Geçtiğimiz yıl gemilerimizle Doğu Akdeniz’e indiğimizde ilgili ilgisiz devletlerden açıklamalar geldi. İsrail, İtalya, Mısır, Yunanistan, Lübnan, Fransa, GK Rum Yönetimi ve daha pek çok ülke adeta “Her ülkenin burada hakkı var ama Türkiye’nin yok” demeye getirdiler.
Rusya ve Çin’in -şimdilik- bekler durumda olması bu iki ülkenin bölgeye ilgisiz olduklarını sanmayın. Rusya’nın Suriye’de Akdeniz’e komşu şehri Lazkiye’yi Soçi’den daha rahat kullandığını biliyoruz. Çin’in de Kuzey Afrika’dan bölgeye kadar askeri üslerle ilgili çalışmaları gözden kaçmamalı.
Rahatsızlar
Bütün bu olan bitenden hiçbir devlet, hiçbir ülkenin, hiçbir çalışmasından, hiçbir rahatsızlık duymuyor. Kuzey Kutbu’nda bir ülke olan Norveç’in ekvator bölgesine yakın coğrafyada ne aradığını sormayan hatta merak dahi etmeyen Vaşington, Türkiye’nin garantörü olduğu KKTC ve kendisinin meşru haklarına sahip çıkmasından “Derin kaygı duyuyor”!!!
ABD Dışişleri Bakan Sözcüsü Margan Ortagus, “Türkiye’nin Akdeniz’deki bu çalışmalarından kaygı duyuyoruz” diyor, ama kendilerinin Libya’nın gayrı meşru gücü Hafter ile görüşmesinde bir şey duymuyor.

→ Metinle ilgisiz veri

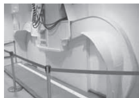
工場内に展示されている「ごみクレーン」の実物大模型

墨田清掃工場(東墨田1-10)の職員が、設備等の説明を交えながら工場内をご案内します。皆さんの出すごみ、どのように処理・焼却されているのか、見学してみませんか。 【日時】8月20日(土)午前9時半～午後3時 *受付は午後2時半まで【費用】無料【申込み】当日直接会場へ *小学生以下は保護者の同伴が必要 *車での来場は不可【問合せ】墨田清掃工場 ☎3613-5311
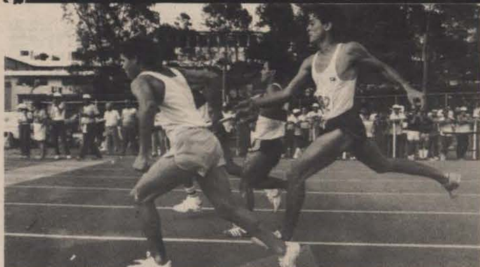
Los Poly Relays resultaron un éxito.
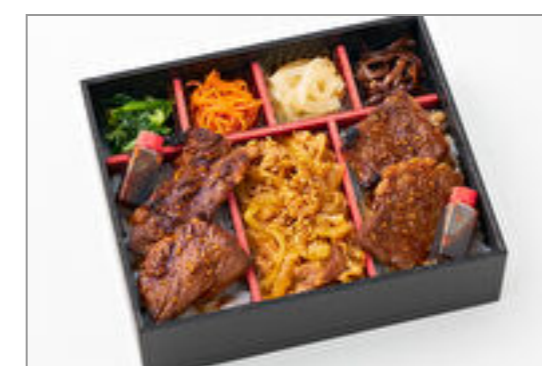
【贅沢肉三昧】厳選国産牛すきと国産牛焼肉食べ比べ御膳

Bu açıklamalar Türkiye’yi haklı iddiasından ve Akdeniz’deki meşru taleplerinden vazgeçirmeyecek. Türkiye’nin, BM tarafından tanınan Libya’nın tek meşru hükümeti ile geçtiğimiz hafta imzaladığı ve önceki gün TBMM’de yasalaşan, ardından Cumhurbaşkanı Sayın R. Tayyip Erdoğan’ın imzasını müteakiben Resmi Gazete’de yayımlanarak resmiyet kazanan “Mutabakat Muhtırası” Akdeniz’de bütün hesapları bozdu. Artık Akdeniz’de enerji arama faaliyetinde bulunan bütün ülkeler yeni hesaplar, yeni ilişki ve ittifaklar oluşturmak durumundadırlar.
Neden mi?
Çünkü;
Deniz yetki alanları, ‘devletlerin egemen haklara sahip olduğu ve uluslararası deniz alanını oluşturan kıta sahanlığı ve münhasır ekonomik bölgedir.’
Münhasır ekonomik bölge ise, BM Deniz Hukuku Sözleşmesi’ne göre bir devletin kıyısı bulunduğu bir denizdeki, su ve rüzgar enerjisi de dahil olmak üzere her türlü kaynakları üzerinde özel haklara sahip olduğu deniz alanlarıdır. Libya ile imzalanan muhtıra gereğince Türkiye Libya’ya ait alan da dahil bu bölgede her türlü arama tarama haklarına sahip oldu.
Ayrıca;
Türkiye’nin Libya ile imzaladığı mutabakat ile iki ülkenin “Deniz Yetki Alanları” Akdeniz’i ikiye böldü. Artık Türkiye izin vermedikçe hiçbir devlet Akdeniz’den 1 metre boru bile döşeyemez. Hatırlayanlar bilir, 2014 yılında Libya’daki karışıklıkları fırsat bilen Yunanistan, Libya’ya ait deniz alanlarını işgal edip buraları Yunan karasuları olarak ilan etmişti.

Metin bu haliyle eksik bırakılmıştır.